Hope Trust’s work falls into three main categories:
- Rescue is mostly focussed upon:
- Family Welfare: Embracing poverty relief interventions for the very poor and needy, in particular those who are not in a position to care for themselves, either because of illness or age. This aspect of our work is intended to provide short-term welfare, relief or rehabilitation to households or individuals until such time as they are able to stand on their own without needing outside support. This is the gospel in action: caring for the orphans and widows in their distress, feeding the hungry, clothing the naked, caring for the sick.
Left: Regular holiday clubs are events at which children are brought together for fun, food and fellowship. These provide opportunities for children to tell their stories and to receive encouragement and prayer.
- Restoration includes:
- Youth development through sport – notably soccer and netball.
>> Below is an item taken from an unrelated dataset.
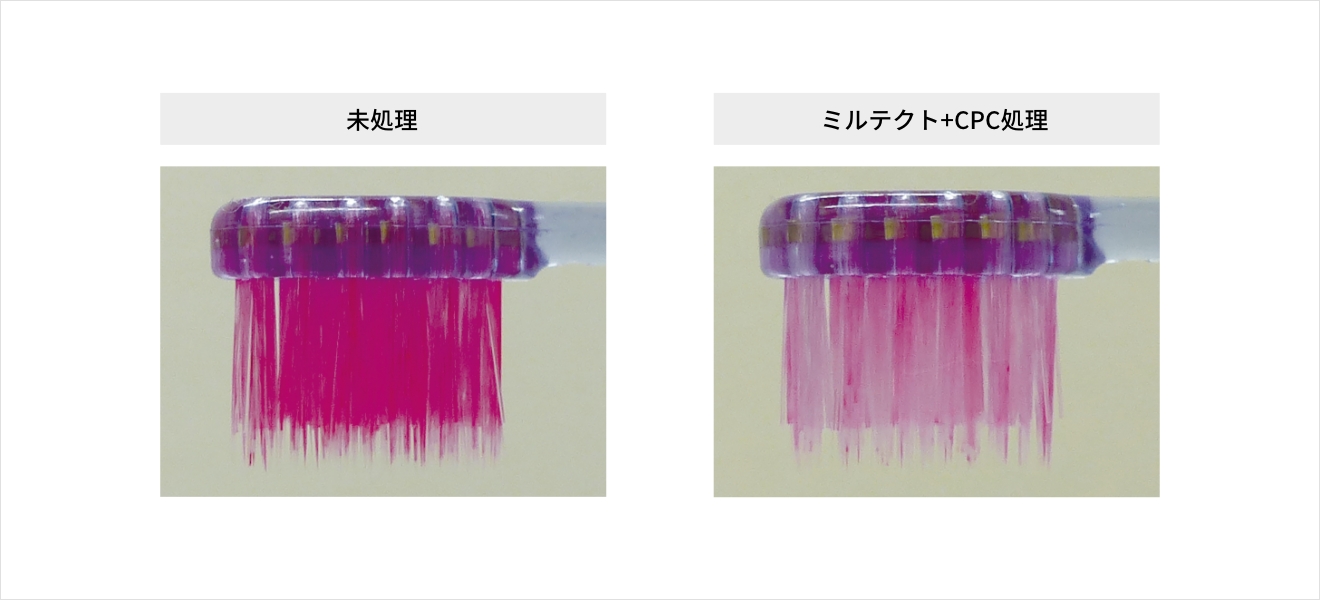 市販の歯ブラシにミルテクト・CPCで処理し、口腔細菌液に浸すことでバイオフィルムを形成させました。歯ブラシに吸着した細菌を染色したところ、あらかじめミルテクト処理した歯ブラシではバイオフィルムの形成が抑制されました。

- Family economic development including anti-poverty initiatives aimed at empowerment and capacity building. This mostly involves training and mentoring in a wide-range of skills such as small business development, home financial management, savings and home food security. This is the work of equipping people to reach their full potential in God, living productive and harmonious lives and being generous givers.
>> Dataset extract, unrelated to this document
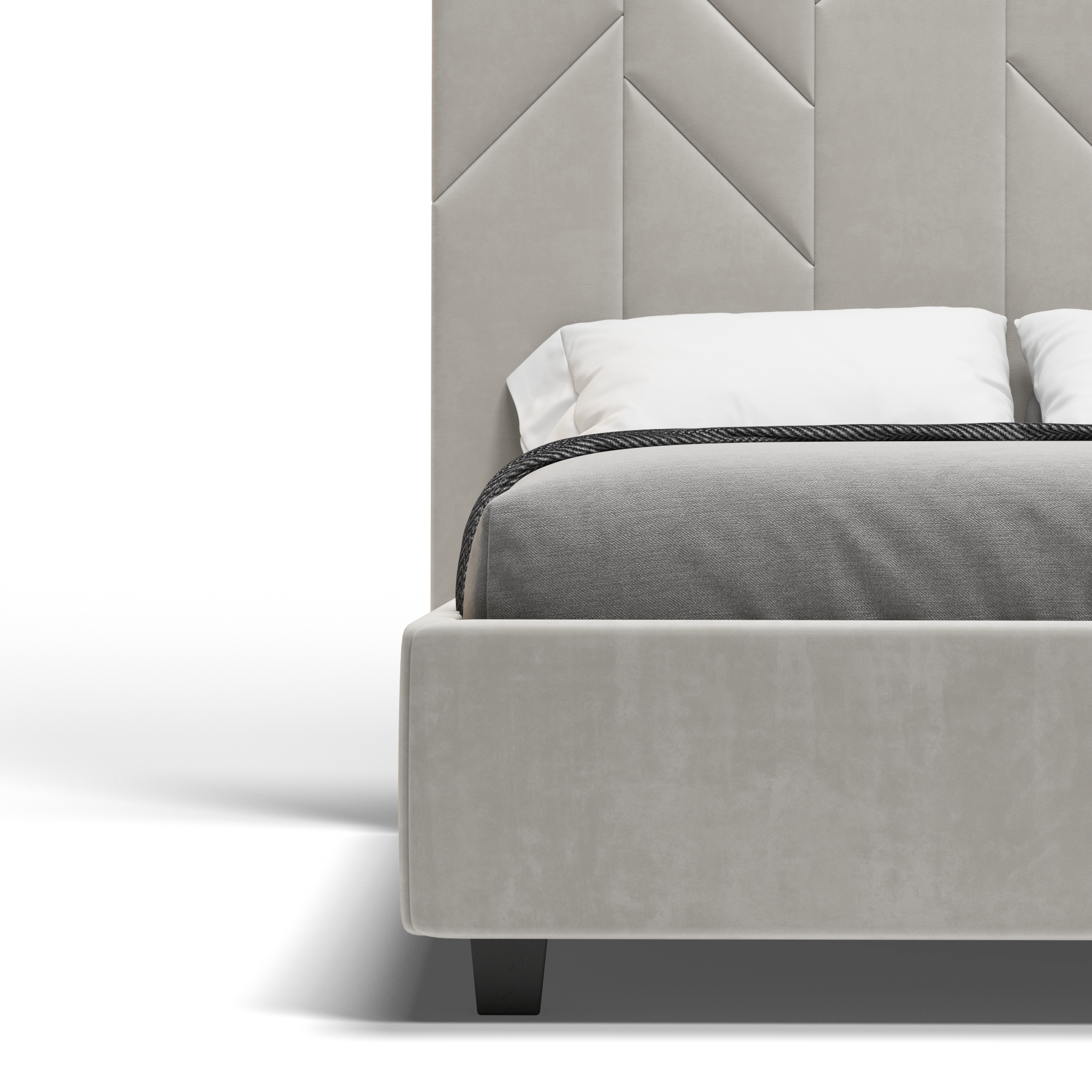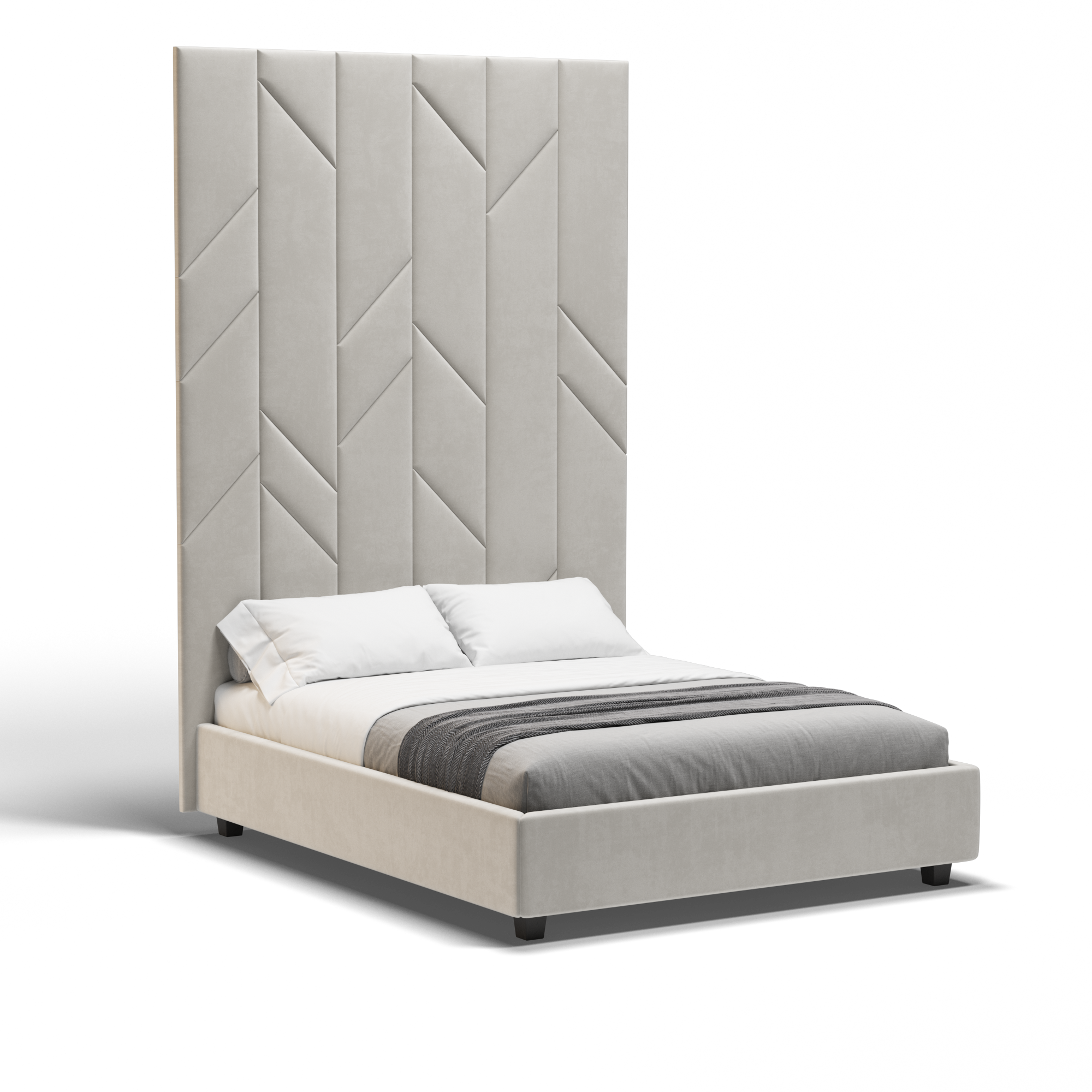 Рамката на леглото, изработена от ПДЧ, обхваща дизайн с прави ъгли и е покрита с гладка материя, а страничната покривка може да остане здраво закотвена или да се свали за лесна хигиена. Имайки предвид специалната атмосфера, която искате да създадете във вашето лично пространство, можете да изберете да интегрирате осветителна система.

Left: A soccer team from Sweetwaters played a team from Hilton Christian Fellowship. A wonderful time was had by all with the Sweetwaters team teaching the Hiltonians how to play soccer with a thorough beating.
- Empowering includes:
- Family Life through teaching, training, mentoring in basic life skills
- parenting
- healthy living
- foster parenting
- small business
- savings
- home food security etc.
- Family Life through teaching, training, mentoring in basic life skills
Left: Many young women have graduated through the Parenting Skills course run over 4 days. This programme is proving popular and many older participants have exclaimed that they wish they had had the benefit of such instruction when they were raising their own children. While children are always a focus because of their vulnerability there is a very great need for their adult carers (mother, grandmother, great grandmother, neighbour, aunt etc) to receive teaching on how to raise children. The brokenness of the family in the local society means that many mothers only have instincts for the raising of children and know little of how to intentionally raise them in an atmosphere of love and care.
STILL TO COME…….Developing a foster parenting programme including selection and establishment of “safe houses” coupled with equipping foster carers with the skills for loving and caring appropriately for OVCs.
Target group:
To date, the main beneficiaries of our work have been residents of Sweetwaters, a very poor and broken community on the outskirts of the city of Pietermaritzburg in KwaZulu-Natal, South Africa. Sweetwaters has an exceptionally high level of unemployment, disease and poverty. Surveys conducted jointly by the government and a local university found that Sweetwaters has one of the highest recorded rates of HIV infection in South Africa. It is also a TB hotspot, with one of the highest rates of TB infection in the country (and South Africa has one of the highest incidences of TB in the world)! These high levels of HIV/TB infection have contributed to a breakdown of family life where many orphaned and vulnerable children are growing up without adult supervision or care, are going hungry, are missing out on an education due to an inability to get to school or buy school uniforms, and are open to abuse and exploitation. Child-headed homes are prolific, as are homes headed by elderly grandmothers (gogo’s) who are themselves sickly and needing care and rest. These “gogo’s” are unable to cope financially, physically or emotionally with caring for a household of orphaned grandchildren and great-grandchildren. It is a community in a state of crisis and in need of God’s love, hope and saving grace.
We are convinced that our programmes should be extended to the larger community in Vulindlela (the rural western portion of Msunduzi Municipality – wards 1,2,3,4,6,7,8,9 – which accommodates 250, 000 people (source: Vulindlela Spatial Development Plan, 2017).